Investing Made Simple by Warren Buffett

July 6, 2007 by Joe Ponzio

Investing isn’t all that difficult-at least, it doesn’t have to be. With the universe of investment opportunities available at the click of a mouse, why bother to try and invest in companies or in ways that you do not easily understand?

Warren Buffett:

I have three boxes on my desk: In, Out, and Too Hard.

The point is simple: Don’t invest in things (or in ways) that you do not easily understand. Sounds simple enough. What’s the catch?

The Hard Part

The catch is…you have to do it. You have to be able to say, “No.” You have to say it a thousand times before you say, “Yes.” You have to be bored-practically to tears-at the lack of truly wonderful investment opportunities that are (or aren’t) available.

On top of it all, you have to have a solid, rational reason for buying a stock. You have to buy it as if you were buying the entire company. Then, you have to hold onto it regardless of what the professional gamblers do to the price. You have to believe that you are right-not because the price is changing, but because your rationale and reasoning is right.

When Is It Too Hard?

There is a simple test to determine whether an investment opportunity is a Yes, No, or Too Hard: If you do not understand it in five minutes…it’s Too Hard. If you do not love it ten minutes after that, it is a No.
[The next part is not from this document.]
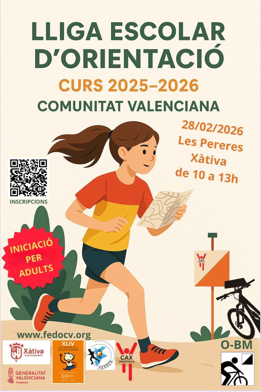 El pròxim dissabte 28 de febrer de 2026, el CAX Orientació organitza a Xàtiva una nova cita de la Lliga Escolar d’Orientació (Zona Nord) dins dels XLIV Jocs Esportius de la Comunitat Valenciana. L’activitat es desenvoluparà de 10:00 a 13:00 h a la Ciutat de l’Esport – Poliesportiu Les Pereres, un entorn ideal per a descobrir l’orientació en un format dinàmic, segur i molt divertit.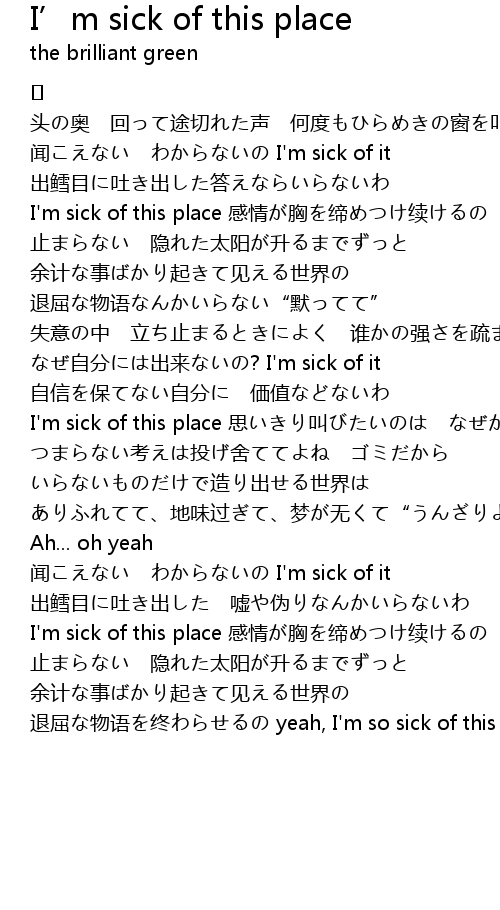 | I'm sick of this place 思いきり叫びたいのは なぜかしら? | |

Will that eliminate 99.9% of your investment options? Yes-and that’s the point! There are more than 5,000 businesses with stock trading on a daily basis…in the U.S. alone. If 99.9% of them are Too Hard or an automatic No, then there are five or so out there that are truly wonderful, easily understandable businesses selling at a discount to their true value.

But I Need To Diversify!

If you only invest in wonderful, easy-to-understand businesses, and you buy them on sale to their true value, you do not need to run out and diversify for the sake of diversifying. Your portfolio will eventually become diversified.
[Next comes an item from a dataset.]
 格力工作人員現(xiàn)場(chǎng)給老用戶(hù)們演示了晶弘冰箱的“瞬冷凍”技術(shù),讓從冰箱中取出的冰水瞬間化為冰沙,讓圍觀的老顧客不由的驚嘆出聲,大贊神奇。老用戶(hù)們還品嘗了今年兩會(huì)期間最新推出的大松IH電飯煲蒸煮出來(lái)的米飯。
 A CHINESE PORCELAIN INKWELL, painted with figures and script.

Think about it: We all know the story of Microsoft. Selling for pennies in the 1980s. Anyone who bought it became a millionaire many times over. If you had the chance to go back in time, wouldn’t you put everything you owned into Microsoft back then?

Patience Is THE Virtue

Assuming you had purchased Microsoft, how long would you have held it? Would you have dealt with the daily, weekly, monthly, and annual fluctuations of 30% or more at any given time? How long before you would be “shook out” of your position?
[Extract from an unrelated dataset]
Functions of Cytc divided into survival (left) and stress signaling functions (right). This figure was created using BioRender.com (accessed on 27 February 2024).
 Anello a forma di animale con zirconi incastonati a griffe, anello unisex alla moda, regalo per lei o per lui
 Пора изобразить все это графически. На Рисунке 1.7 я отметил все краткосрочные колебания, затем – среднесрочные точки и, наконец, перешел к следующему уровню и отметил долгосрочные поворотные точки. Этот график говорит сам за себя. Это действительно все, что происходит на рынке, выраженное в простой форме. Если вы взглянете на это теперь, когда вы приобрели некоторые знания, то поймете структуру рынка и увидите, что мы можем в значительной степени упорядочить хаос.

Patience isn’t a virtue in investing-it is the virtue. You know who held on to Microsoft the entire time? People who understood its business and saw value in the company-regardless of the stock price that the gamblers set on a particular day.

Invest Like Warren Buffett

At any given time, in any given market condition and economy, some gambling guru will make a killing-in the stock market, in real estate, whatever-and everyone will take that gamblers word as gold, try to replicate the gamblers success, and usually lose money. Why do they lose money? A gambler can only make money for so long-a few months, a few years-before the market conditions change and the gambler’s system is no longer good.

On the other hand, for some 70 years, Warren Buffett has been successfully buying wonderful, easy-to-understand businesses when they are at a discount. And he has made billions from it.

When will you finally decide to stock worshiping gamblers and follow in the footsteps of the billionaire who made his money the easy way?